We only have a few more minutes left, unless I get more questions. The last one I have is: You mentioned that CORDStrom is likely disease-modifying therapy. Can you elaborate on the long-term potential to reduce the risk of squamous cell carcinoma, which currently has a median survival of only two and a half years for this EB subtype?
Yeah, sure. We know that we've published 25 years of data on cancer in these patients and where the cancers are, and they're predominantly in the extremities, in areas where they've had absent skin. We know that repeated trauma and open wounds, and there an itch which keeps opening the wounds, puts these areas at risk over time, increasing risk. The longer the skin is open and the longer wounds are chronic, the higher the risk that they will turn into squamous cell cancers.
If we can heal early, the dysplasia , so they don't have chronic wounds there, and make sure that the wounds, although they'll be there, they won't be chronic, it will for certain reduce, because they know the biology of these tumors. Obviously, we'll know that over time, that there is now very good evidence that the drive is trauma and chronic wound and inflammation in these cancers.
The very last question before I give the concluding remarks is: Can children with severe RDEB, who are not based in the U.K., participate in the upcoming study?
The current plan, and this is due to funding issues more than anything else, is that the trial will run solely in the U.K. But we'll be registered with the FDA as well, so the data from the U.K. trial will be usable in the submission for the BLA. No, at the moment, we have no plans to open clinical trial sites in the U.S.
Great. Thank you, Mark. I do want to note, you know, we put these children and parents first. We're doing all we can to accelerate this product, to get it to market. We really believe in what we're doing here, and we put the patient, their families first. As we conclude today's session, the data from the Mission EB trial reinforce our belief that early intervention with CORDStrom can fundamentally change the disease trajectory for these children living with RDEB. We've seen encouraging results, including a 26% reduction in itch at six months, and significant beneficial effects in patients under the age of 10. We're now moving aggressively toward making CORDStrom the first systemic disease-modifying treatment available for the RDEB community. Our regulatory roadmap is clear.
We've already submitted our pre-submission package to the U.K. MHRA. We intend to file a full marketing authorization application by mid-summer of this year. Following this, we're targeting regulatory submissions in Europe, at the EMA and the U.S. FDA in the fourth quarter of this year. As Mark highlighted earlier, the truly exciting aspects of our platform is the tunability nature of CORDStrom. This flexibility allows us to optimize the therapy's anti-inflammatory and regenerative medicine properties, specifically for unique challenges of this disease.
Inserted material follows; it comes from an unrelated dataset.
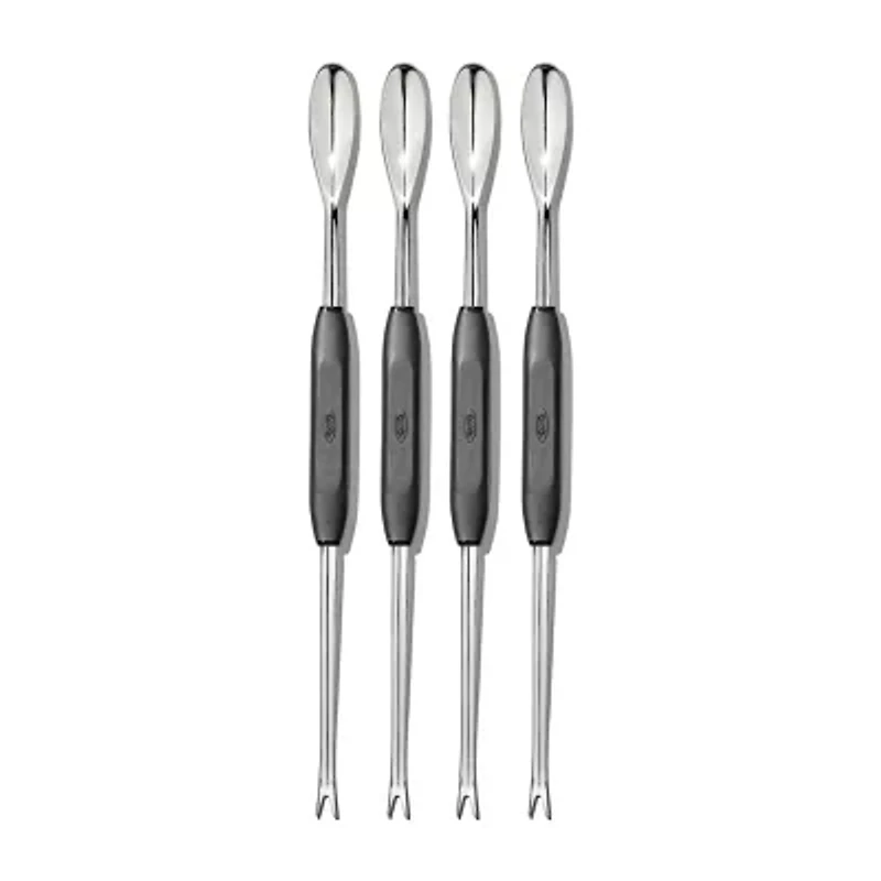 The oxo good grips seafood picks are shaped to get meat out of legs or claws. With a curved spoon head and long neck, the picks reach deep inside shells. The opposite side has sharp fork tines for grabbing large pieces of meat. Featuring a soft, comfortable grip, these picks are non-slip even in wet hands. Also great for getting olives and pickles out of jars.� Set of 4
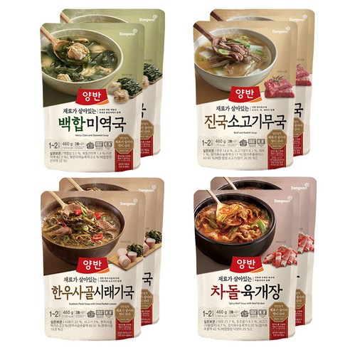 양반 백합 미역국, 차돌 육개장, 진국 소고기무국, 한우사골시래기국 460g 2p 세트는 당신의 식탁을 한층 더 특별하게 만들어 줄 것입니다. 간편하면서도 고급스러운 한식의 맛을 지금 바로 경험해보세요. 이 기회를 놓치지 마세요!

We hope to leverage this capability to develop more advanced versions of CORDStrom RDEB, which we believe will allow us to expand the use across broader EB spectrums in the future.
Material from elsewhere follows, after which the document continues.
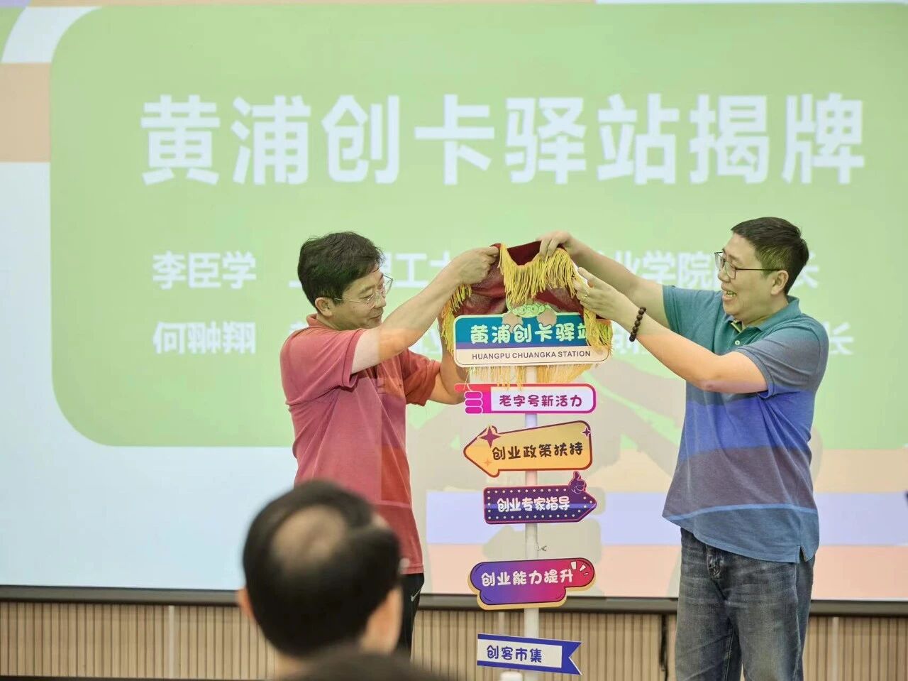 头图为黄浦创卡驿站揭牌现场,何翀翔为右一。受访对象供图
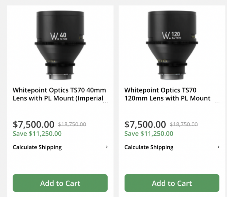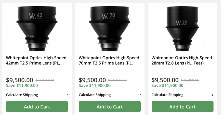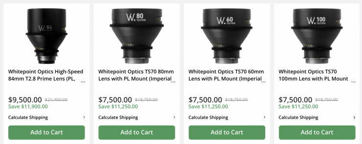 The Whitepoint Optics TS70 Primes are on sale for $7500-$9,500 USD, depending on the focal length, which is a massive discount of $11,250 USD.

By targeting this window of opportunity in early childhood, before the onset of life-threatening complications like squamous cell carcinoma, we aim to provide these families with more than just wound care. We aim to provide a better quality of life. I want to thank Dr. Lowdell for his groundbreaking invention, and Dr. Martinez, the entire clinical team, for their dedication to these patients. We remain relentlessly committed to delivering transformative solutions for these patients suffering from these devastating effects of RDEB. Our mission is to move beyond temporary relief and provide a systemic, disease-modifying therapy that fundamentally improves the lives of these children and their families. Thank you for your continued support of INmune Bio.